Au-delà de cette limite, votre pensée n’est plus valable. On aurait tendance à le croire lorsqu’il s’agit des terroristes qui agissent contre un avion de touristes russes, dans un marché de Beyrouth ou dans les rues de Paris. C’est le sujet de cette étude parue en 2009 chez Denoël, sous-titrée Comment des hommes ordinaires deviennent des fanatiques, récompensée l’année suivante par l’European Amalfi Prize for Sociology and Social Sciences.
Gérald Bronner (université Paris Diderot) est une figure montante de la sociologie cognitive. "Ceux qui s’abandonnent à ce type de pensée extrême ne sont, le plus souvent, ni fous, ni désocialisés, ni même idiots." Alors qui sont-ils ? Dans cette édition mise à jour, l’auteur de La démocratie des crédules (Puf, 2013) examine l’extrémisme dans ses aspects religieux, politiques et artistiques. Pour lui, la communauté de David Koresh qui s’immole à Waco au Texas en 1993, la secte Aum qui répand du gaz sarin dans le métro de Tokyo en 1995 ou les frères Kouachi qui mitraillent la salle de rédaction de Charlie Hebdo relèvent d’un processus identique, même si les objectifs sont différents.

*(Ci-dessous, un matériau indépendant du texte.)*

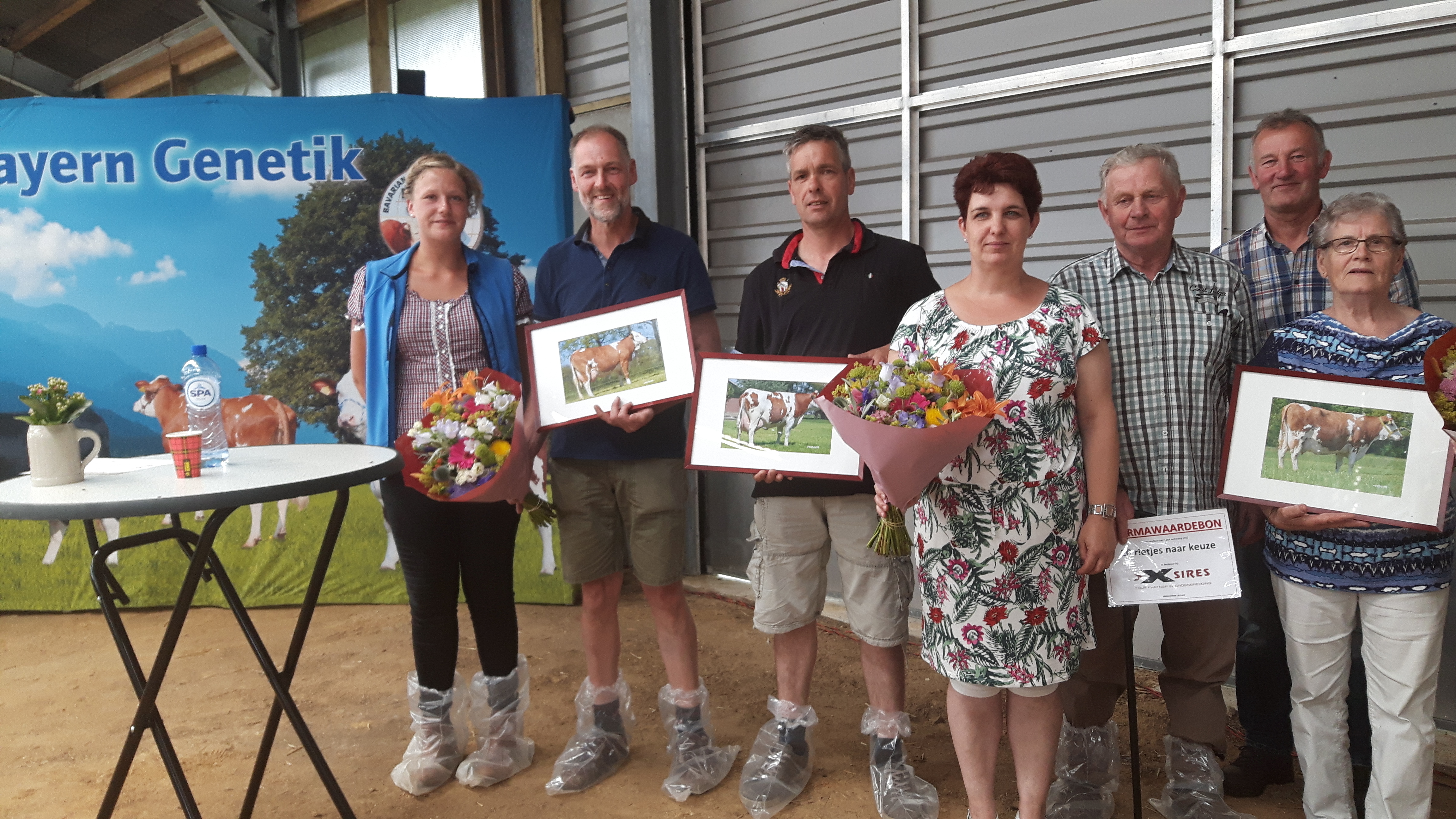 De familie Walvoort was ter plaatse aanwezig in afwachting van de uitslag. "De eerste keer kalfde deze koe in de sneeuw, het is een koe met veel karakter", vertelt Daniëlle Walvoort. “Ze is een koe met een fijn karakter, die altijd als eerste de melkstal inloopt en haar dochter er achteraan, zo wil je er wel een stal vol. Ook hebben we geen veeartskosten en kalft ze vanzelf. Vorig jaar was deze koe vierde bij de Fleckviehkoe verkiezing, maar ze zet maar door, dus hebben we haar weer opgegeven. Dat we zouden winnen is toch een verrassing.” André Walvoort is zichtbaar trots: “Ons fokdoel is om zelfredzame koeien te fokken. We zetten ook in op zuiver Fleckvieh, want we zijn er erg tevreden over. Lage gezondheidskosten, hoge omzet en aanwas, mooie gehalten, duurzame goed renderende koeien. Ze kalft probleemloos af en snel drachtig, zo haalt ze een tussenkalftijd van 359 dagen. Ze oogt ook zeer jeugdig, soms geloven ze niet dat ze al 9e kalfs koe is.” Met recht iets om trots op te zijn. En we wensen de familie Walvoort dan ook alle geluk met Sonja 39.

Et c’est justement parce que "nous avons plus à craindre les imbéciles de la barbarie que les génies du crime" qu’il est indispensable de saisir le mécanisme de cette radicalisation. Lorsqu’on le décompose, on s’aperçoit que chaque élément pris séparément obéit à une sorte de logique qui conduit à l’horreur. "Ce que vise le terrorisme, ce sont des actions rentables en termes d’économie de l’attention : capter un maximum de temps de cerveau disponible avec un minimum d’investissement." Pourtant, en démontant le système psychique de la pensée extrême, Gérald Bronner laisse entendre qu’il est possible de désamorcer le processus avant qu’il ne soit trop tard. Parce qu’on ne naît pas fanatique. L. L.